◆ **ASSIGNMENT**
Any pictures should be dropped; everything else in the records is to be returned exactly.

◆ **INPUT FOR THIS TASK**
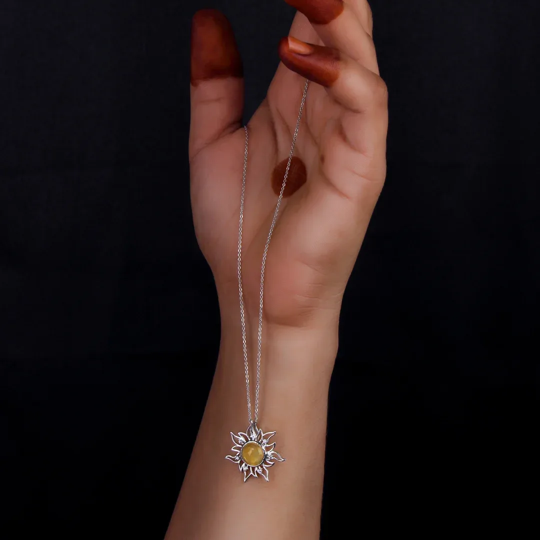 - Our Sun Radiant Citrine Pendant Necklace exudes timeless elegance, featuring a dazzling citrine center stone that captures the warmth of the sun in its golden hues.
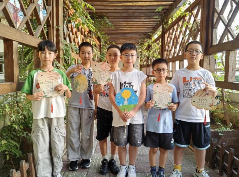 在“巧手绘中秋”环节,空白团扇成了挥洒创意的画布。同学们手执画笔,描绘出一个个独特的中秋故事:皎洁的明月高悬于缥缈云海,温馨的家人围坐共享团圆,还有灵动的玉兔、飘逸的嫦娥与芬芳的桂花点缀其间。每一把团扇都是一首无声的诗,承载着孩子们对传统佳节最纯真的理解与最美好的祝愿。
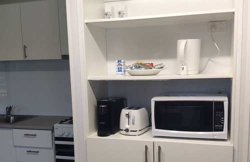 The kitchen is fully equipped and cleverly designed to ensure easy access to all appliances. Guests are provided with ample cutlery, crockery and cookware for use with the cooking appliances (oven, grill, hotplate, microwave, etc). For those staying longer term, you will enjoy the added luxuries of an espresso coffee machine and dishwasher.
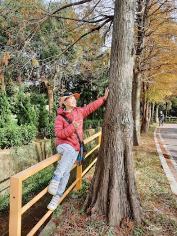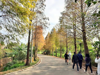 入冬時節,午後漫步在落羽松大道,雖還未人潮竄動、前仆後繼....然落雨松大道、浪漫台三線的鮮豔立牌,已經讓我們精神大振,連拍搶鏡啦!!幸好遊客不多,小販未蜂擁而至,整片綠油油的田野風情,讓心情豁然開朗。老天作美風和日麗,眺望著漸層變黃的落雨松,層次之美讓人動容。路樹、欄杆、小溪、落葉....在此刻都顯得頗有意境...車流不算多,遊客還未逢時機,小販也是點綴為之,不過遊客挺夠意思,路過大多都會挑些蔬果順手帶回~~路邊右側有一大片芒草,遍野開滿銀白色的芒花,藍天白雲襯底,白色芒花隨風飄搖;站在茂密的芒草中,我們也爭著與天地共享,這自然天成的風情~~好期待落雨松整片的璀璨之姿,蜿蜒有序的層次色調之美,元旦之際應該是陽光裡整片金黃,人頭接龍黑壓壓的對比~~
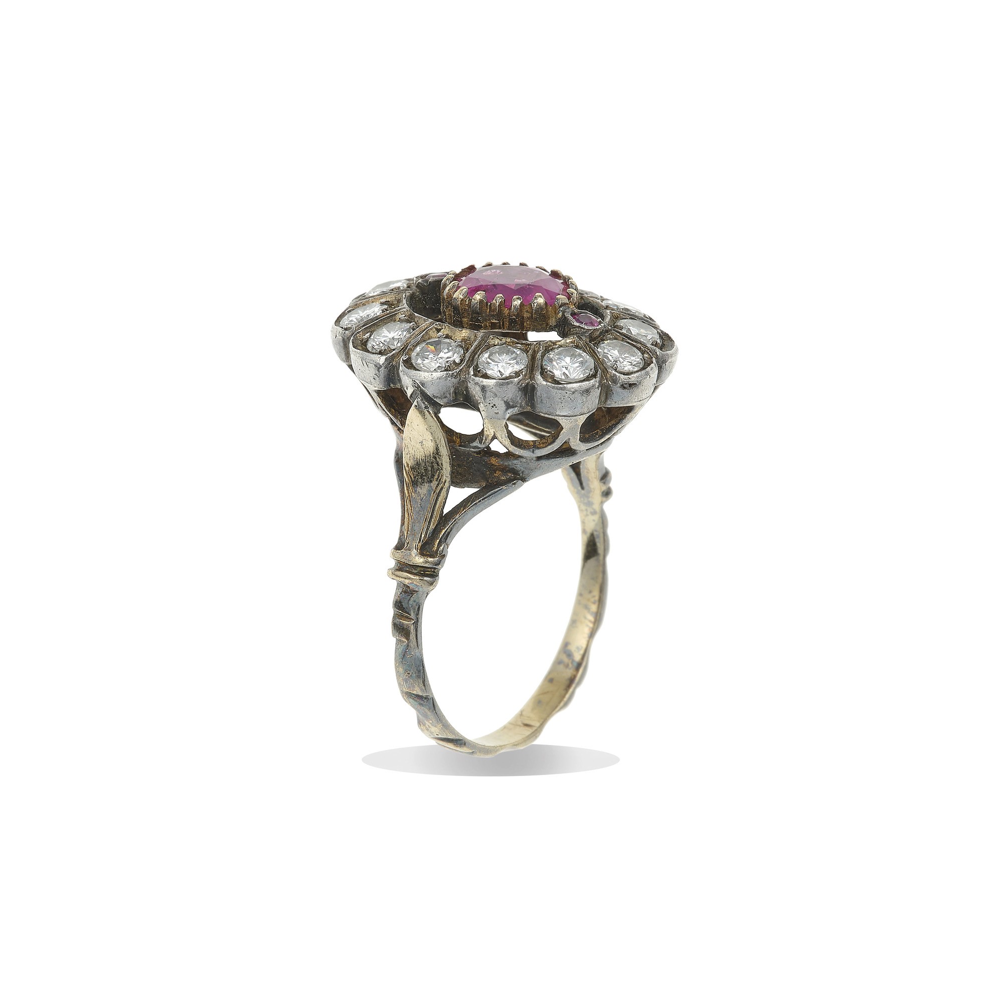 Anello con rubino Burma e diamanti taglio brillante
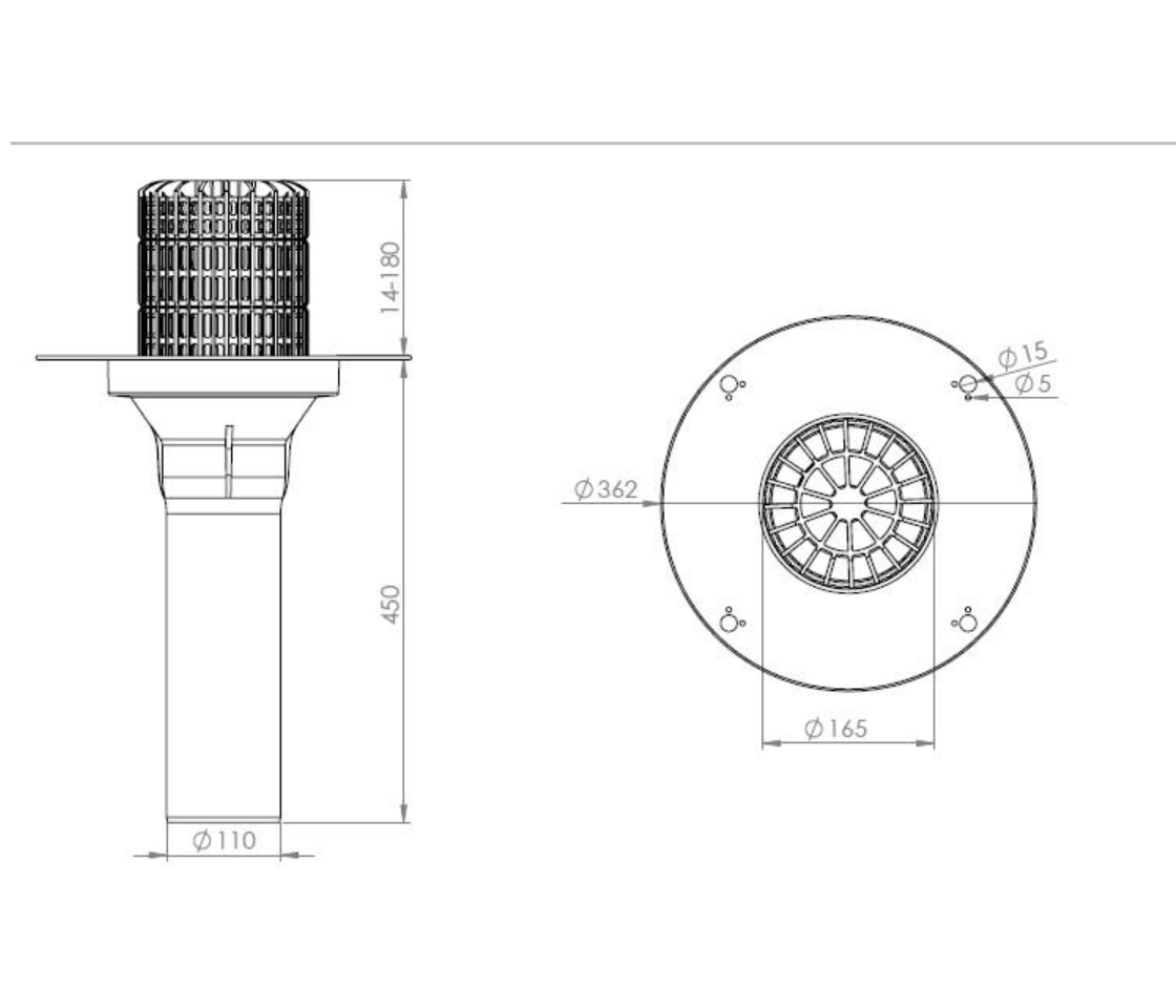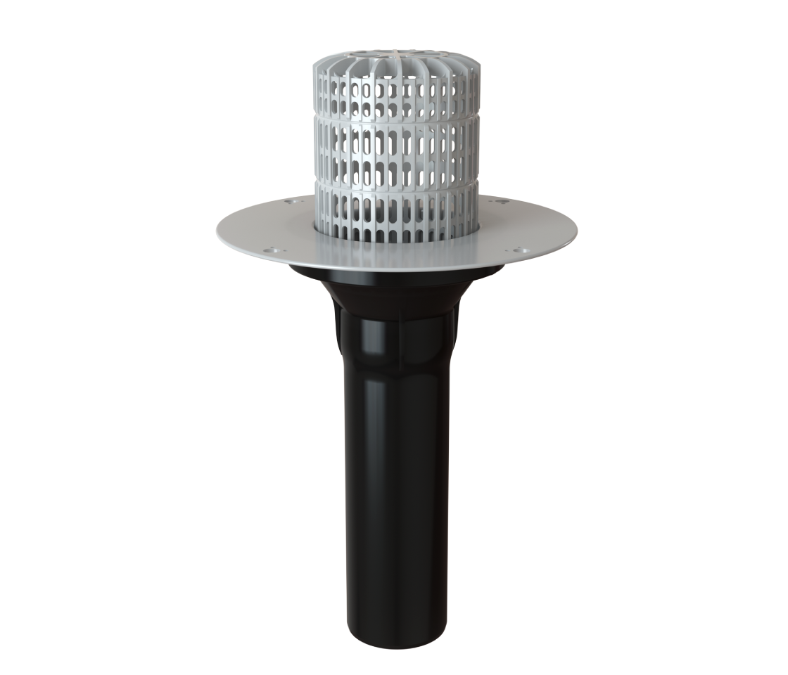 Кровельная воронка с корпусом из ПВХ и листвоуловителем, с удлиненным вертикальным выпускным патрубком из ударопрочного ПП, используется для отвода дождевой и талой воды с плоских кровель во внутренний водосток дождевой канализации

◆ **ANSWER SPACE**
 - Our Sun Radiant Citrine Pendant Necklace exudes timeless elegance, featuring a dazzling citrine center stone that captures the warmth of the sun in its golden hues.
 在“巧手绘中秋”环节,空白团扇成了挥洒创意的画布。同学们手执画笔,描绘出一个个独特的中秋故事:皎洁的明月高悬于缥缈云海,温馨的家人围坐共享团圆,还有灵动的玉兔、飘逸的嫦娥与芬芳的桂花点缀其间。每一把团扇都是一首无声的诗,承载着孩子们对传统佳节最纯真的理解与最美好的祝愿。
 The kitchen is fully equipped and cleverly designed to ensure easy access to all appliances. Guests are provided with ample cutlery, crockery and cookware for use with the cooking appliances (oven, grill, hotplate, microwave, etc). For those staying longer term, you will enjoy the added luxuries of an espresso coffee machine and dishwasher.
 入冬時節,午後漫步在落羽松大道,雖還未人潮竄動、前仆後繼....然落雨松大道、浪漫台三線的鮮豔立牌,已經讓我們精神大振,連拍搶鏡啦!!幸好遊客不多,小販未蜂擁而至,整片綠油油的田野風情,讓心情豁然開朗。老天作美風和日麗,眺望著漸層變黃的落雨松,層次之美讓人動容。路樹、欄杆、小溪、落葉....在此刻都顯得頗有意境...車流不算多,遊客還未逢時機,小販也是點綴為之,不過遊客挺夠意思,路過大多都會挑些蔬果順手帶回~~路邊右側有一大片芒草,遍野開滿銀白色的芒花,藍天白雲襯底,白色芒花隨風飄搖;站在茂密的芒草中,我們也爭著與天地共享,這自然天成的風情~~好期待落雨松整片的璀璨之姿,蜿蜒有序的層次色調之美,元旦之際應該是陽光裡整片金黃,人頭接龍黑壓壓的對比~~
 Anello con rubino Burma e diamanti taglio brillante
 Кровельная воронка с корпусом из ПВХ и листвоуловителем, с удлиненным вертикальным выпускным патрубком из ударопрочного ПП, используется для отвода дождевой и талой воды с плоских кровель во внутренний водосток дождевой канализации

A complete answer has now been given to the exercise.